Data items
______

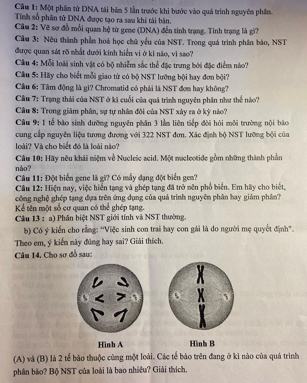 Câu 1: Một phân tử DNA tái bản 5 lần trước khi bước vào quá trình nguyên phân.
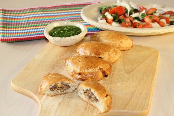 אמפנדס במלית בשר העשוייה ממעטפת של בצק פריך ובתוכה מלית בשר המוגשת עם צ'ימיצ'ורי וסלט רענן או כתוספת לארוחה
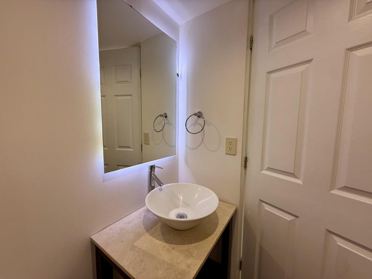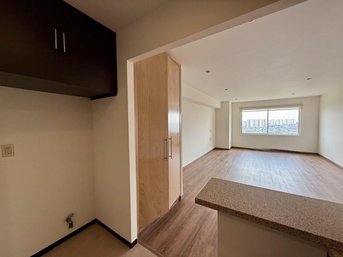 La estancia integra sala, comedor, baño de visitas y cocina abierta con cubierta de granito, barra, alacena y amplio espacio de guardado.
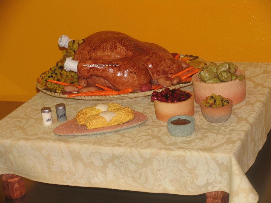 This picture we a completely edible turkey dinner, Everything, including the bowls are edible. Well of course not the table and table cloth but the other stuff is either cake (Turkey, stuffing and corn) or Fondant (cranberries, brussels sprouts, butter) or sugar (the bowls). enjoy
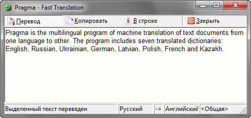 Pragma - это многоязычная программа машинного перевода текстовых документов с одного языка на другой. Программа включает семь переводных словарей: английский, русский, украинский, немецкий, латышский, польский, французский и казахский.
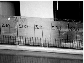 Uno de los costados del canal fue rayado con líneas oscuras paralelas y perpendiculares al lecho, formando cuadrículas de 1 cm2 presentado en la Fig. 5. Esto último, permitió mantener un registro continuo del frente de onda, así como localizar la traza superficial descrita. Al canal se le adaptó una compuerta plana de superficie lisa que retiene la matriz de barro aguas arriba. La compuerta se remueve verticalmente, liberando la mezcla almacenada de arena y arcilla saturada en agua.
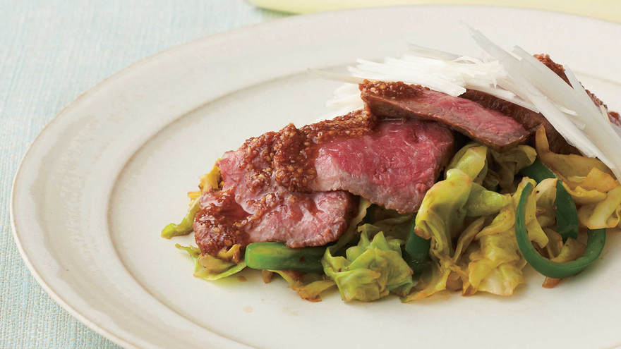 梅&ごまベースのソースが脂っこさをさっぱりと抑えます!野菜炒めの上に牛肉を盛るので、副菜なしでも一皿で満足できますよ。
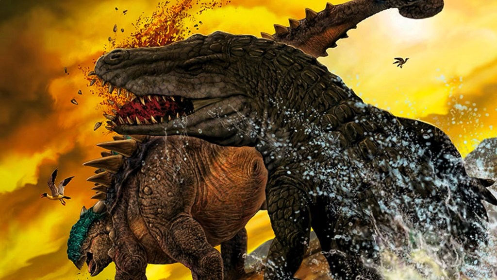 Of the great reptiles all that remain a decade after impact are bits of charred bones, with little pieces of shredded dry skin still clinging on to them. Their innards, soft tissue, are long gone, disintegrated and dissolved into the soil. Under water, the humongous plesiosaurs have been replaced by smaller, 10-ft long reptiles, ancestors of crocodiles.

______

Output only the lines running from the top of the data above to the line with "אמפנדס במלית בשר", inclusive, word for word and without pictures.

 Câu 1: Một phân tử DNA tái bản 5 lần trước khi bước vào quá trình nguyên phân.
 אמפנדס במלית בשר העשוייה ממעטפת של בצק פריך ובתוכה מלית בשר המוגשת עם צ'ימיצ'ורי וסלט רענן או כתוספת לארוחה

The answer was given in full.